Tom Brady Is Not Being Persecuted, Please Shut The Fuck Up
While the rest of us are just trying to put Deflategate behind us and move on with our lives, the crybaby fans of the reigning Super Bowl champion New England Patriots, quite simply, will not shut the fuck up for even a second.
Ever since NFL commissioner Roger Goodell came down hard on the Patriots scandal, which included a four-game suspension for golden boy quarterback Tom Brady, who literally has everything, outraged fans in New England have been letting their fury flags fly.
In addition to acting up on social media, over the weekend fans used Facebook organize a real-world bitch session. “Free Tom Brady” was the cry, and nearly 200 idiots showed up to Gillette Stadium in Foxborough to support the dumbest cause on earth.
First of all, Brady was only suspended four games for what could be a career’s worth of cheating—that’s not so bad. And even though Roger Goodell has refused to let Brady’s appeal be heard by a neutral party, the fact that he and Patriots owner Roger Kraft were recently seen hugging it out suggests some sort of collusion.

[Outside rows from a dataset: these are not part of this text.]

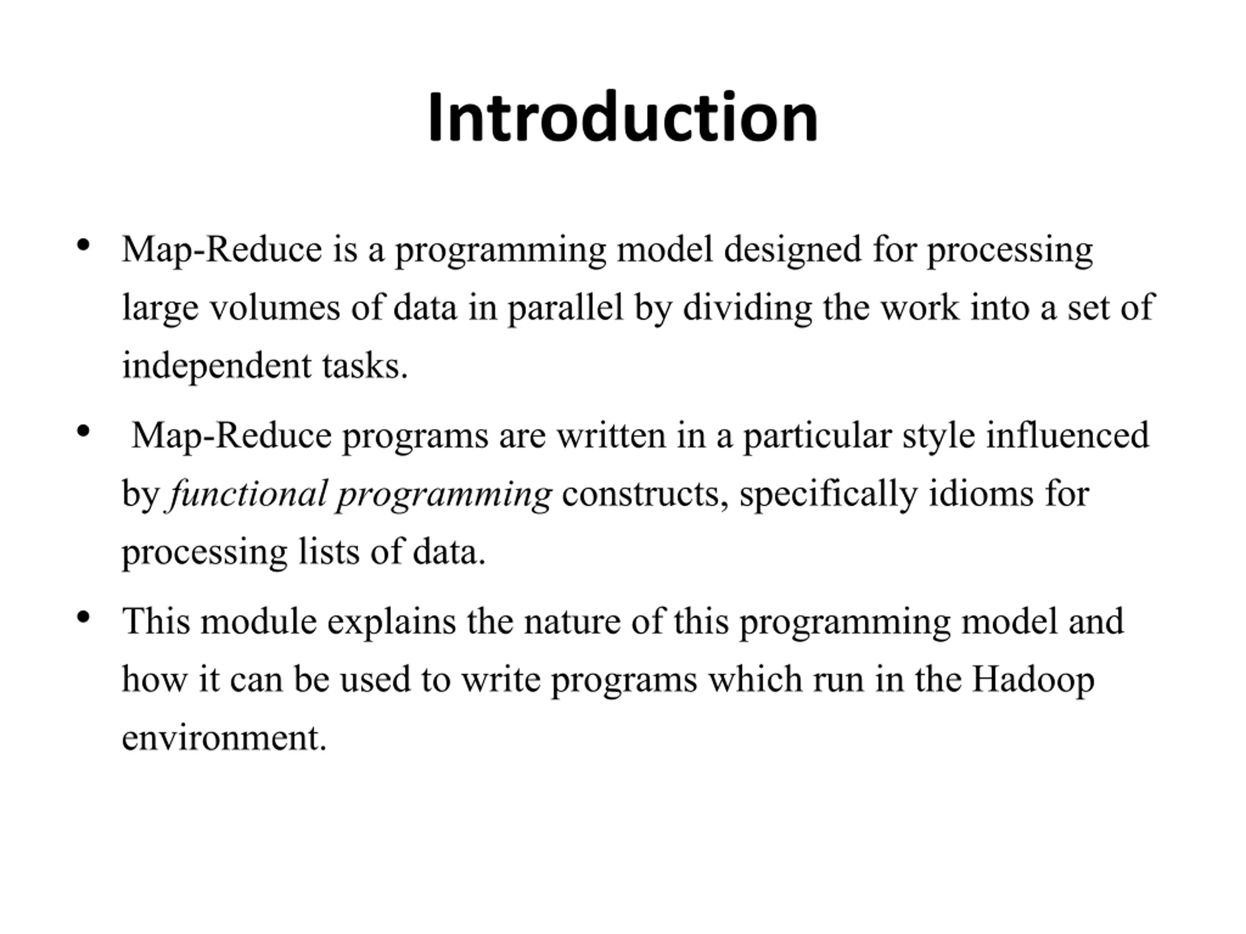 Introduction Map-Reduce is a programming model designed for processing large volumes of data in parallel by dividing the work into a set of independent tasks. Map-Reduce programs are written in a particular style influenced by functional programmingconstructs, specifically idioms for processing lists of data. This module explains the nature of this programming model and how it can be used to write programs which run in the Hadoop environment.
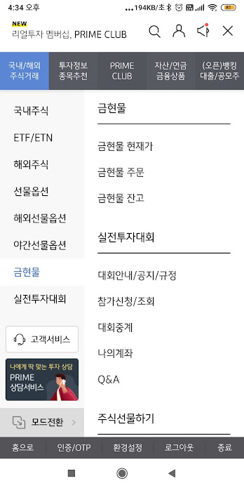 오늘 상황이 좋지 않아서 인가? 금현물을 사자마자 약간의 수익이 나기는 했습니다. 90원 수익... 나쁘지는 않네요.
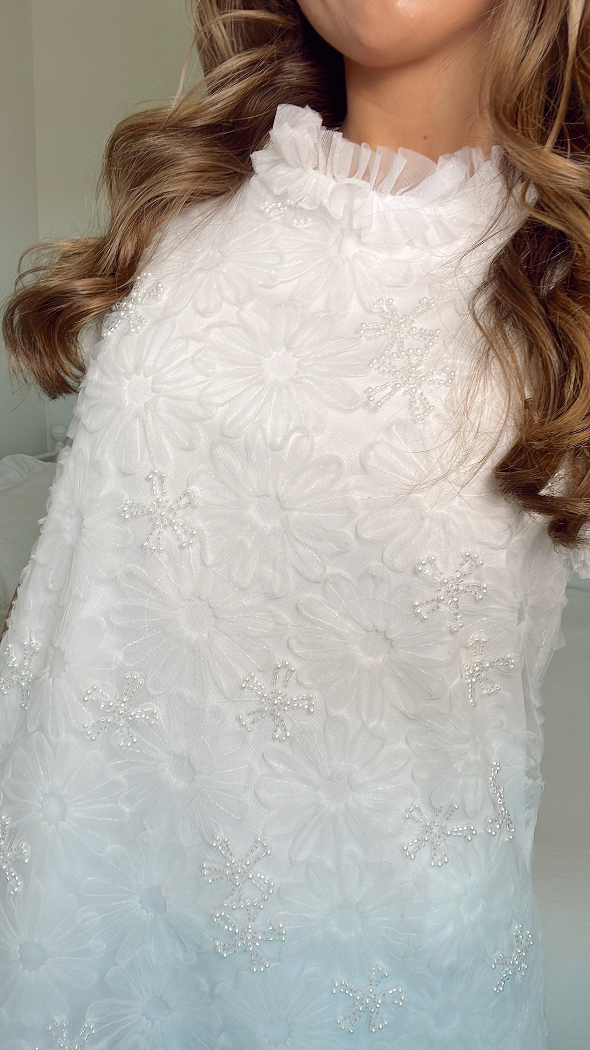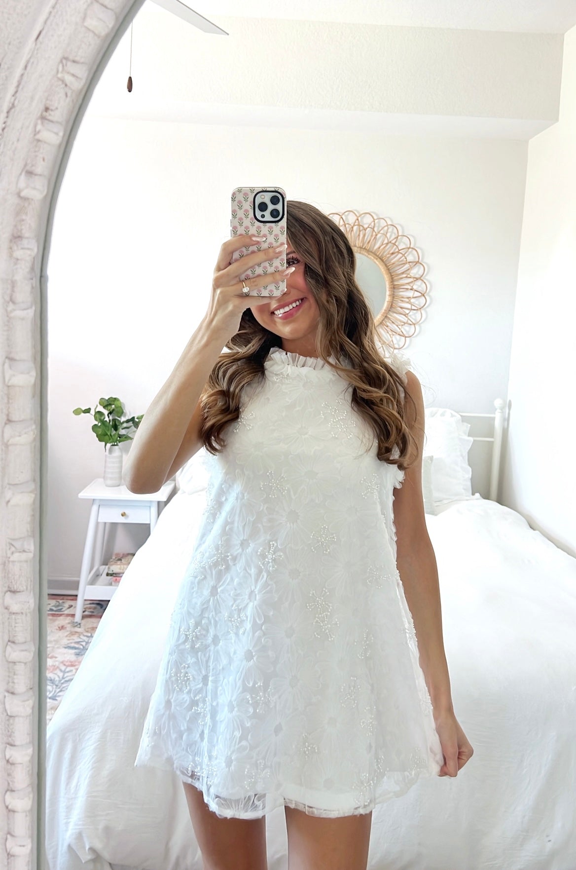 Floral textured embellished sleeveless mini dress. Back open keyhole with button detail closure. Lining.
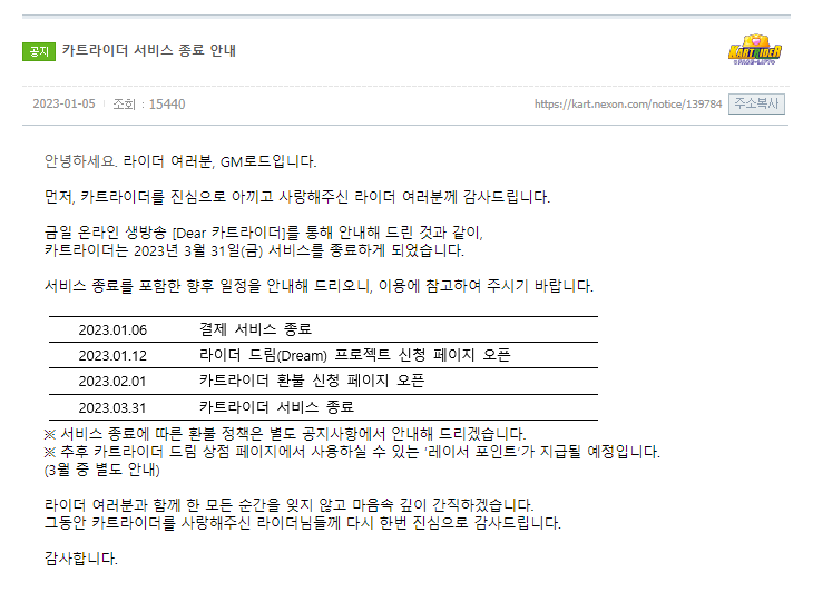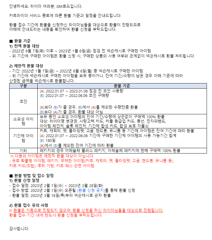 환불도 진행 하고 있으니 카트라이더 과금한 사용자는 기간내 환불을 신청 하도록 하자~
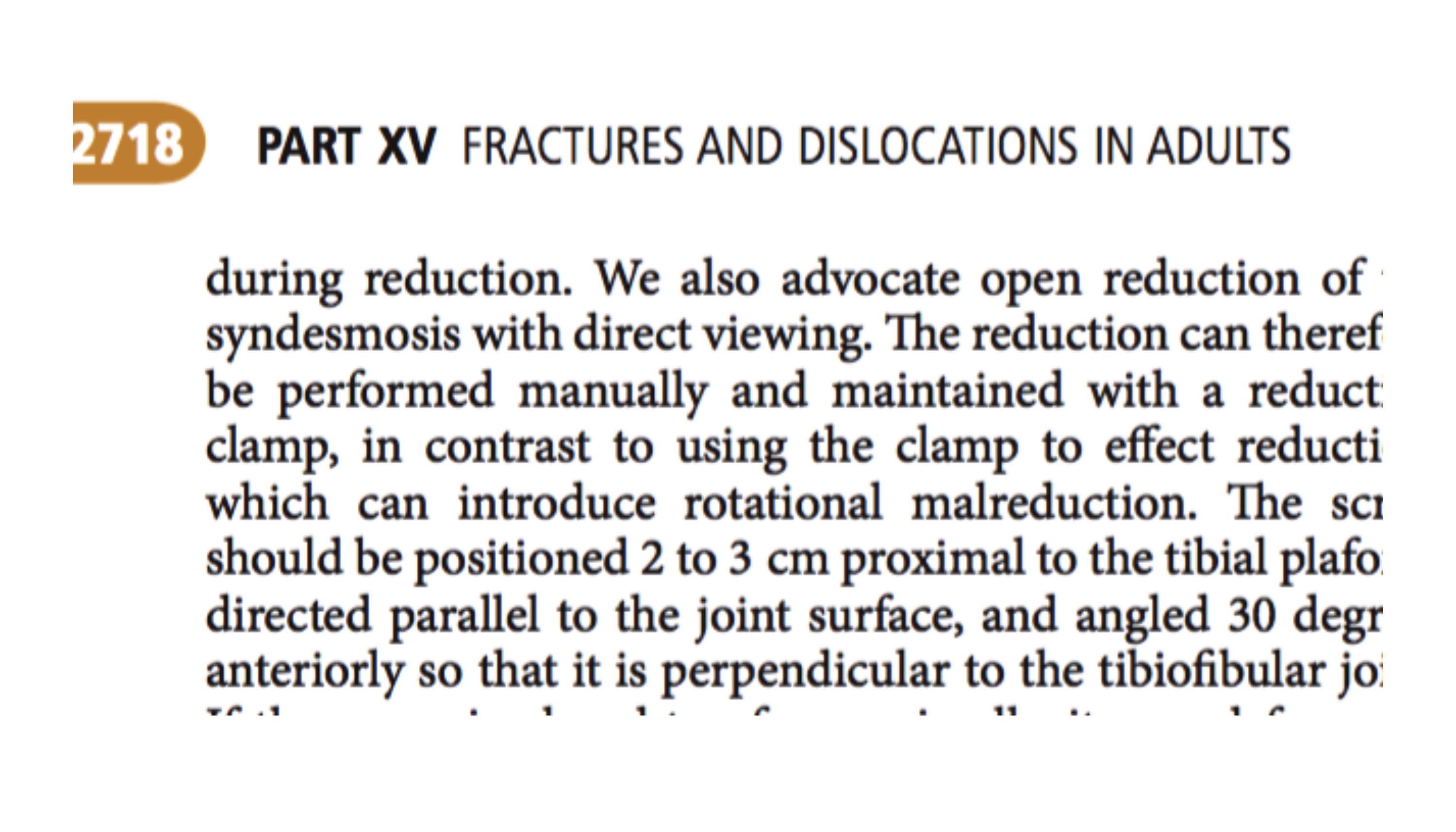 Во вложении рентгенограмма из руководства Кэмпбэлла, издания 2013 г. (стр. 2623), демонстрирующая технику фиксации синдесмоза через отверстие в пластине. Расстояние от суставной линии там явно не 2 см. тем более не 3.

Maybe this whole thing was for show and Goodell will reduce or rescind the suspension altogether. Either way, 200 yahoos convening outside a stadium named after $30 razor blades doesn’t seem like something that’s going to have a big impact either way.
As if that wasn’t enough, according to Boston.com, a woman by the name of Patricia M. Shong, of Auburn Massachusetts, died last week and used her last words to support the plight of poor Tom Fucking Brady. No kidding.
The 72-year-old, who enjoyed scrapbooking and playing cards, made sure her family shouted her message to the masses via her obituary: “Brady is innocent!!” Note the added exclamation point there—that’s now you know he couldn’t possibly have cheated.
You know who doesn’t give a shit about Patricia Shong? Tom Brady.
He’s a little busy not giving a shit about any of these fools. Tom Brady is doing just fine, you fiery Irish nut jobs, so how about take stock of your own life instead.
Seriously, he just got a puppy. That’s how little he cares about the circus surrounding him and Deflategate. So get a life, cause your boyfriend Tom Brady already has one. And it’s way better than yours.